Cryo-EM Reveals the Mechanochemical Cycle of Reactive Full-length Human Dynein-1

Abstract

AbstractDynein-mediated cargo transport plays pivotal roles in diverse cellular activities. Central to all these cellular processes is dynein’s ATP-dependent mechanochemical cycle. Here, we perform a systematic cryo-electron microscopic investigation of the conformational landscape of full-length human dynein-1 actively undergoing nucleotide-induced conformational changes, both on and off microtubules. Our approach reveals over 30 high-resolution structures, categorized into nine distinct states of the AAA+ motor ring.
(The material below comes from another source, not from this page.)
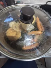 シャトルシェフ おでん 昨夜シャトルシェフでおでん仕込みました😊木枯らし1号だとか💦通りで寒いですね😳おでん👍普通の練り物が入ったおでんです。ウインナーは煮込むと美味しくなくなるので夕方入れてみました。美味しくなってるといいです🤭ウインナーは後から入れたほうが美味しいです💘
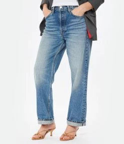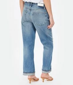 Jean en coton bleu effet délavé. Braguette boutonnée. Taille haute avec passants pour ceinture. Cinq poches plaquées. Patch en cuir lisse blanc avec inscription “RE/DONE” cousu dans le dos. Coupe boyfriend. Base droite.

This provides a dynamic and comprehensive view of dynein throughout its mechanochemical cycle. The novel intermediate states unveil a series of important mechanistic insights into dynein function, including a ‘backdoor’ phosphate release mechanism that coordinates linker straightening, a stepwise structural basis for the bidirectional communications between ATP binding/hydrolysis and microtubule-binding affinity, and the mechanism by which microtubule binding increases ATPase activity. Our findings also lead to a sub-stantially revised model for the force-generating powerstroke, and clarify the means by which dynein achieves its unidirectional stepping on microtubules. These results substantially enhance our understanding of dynein function and provide a more complete model of its mechanochemical cycle.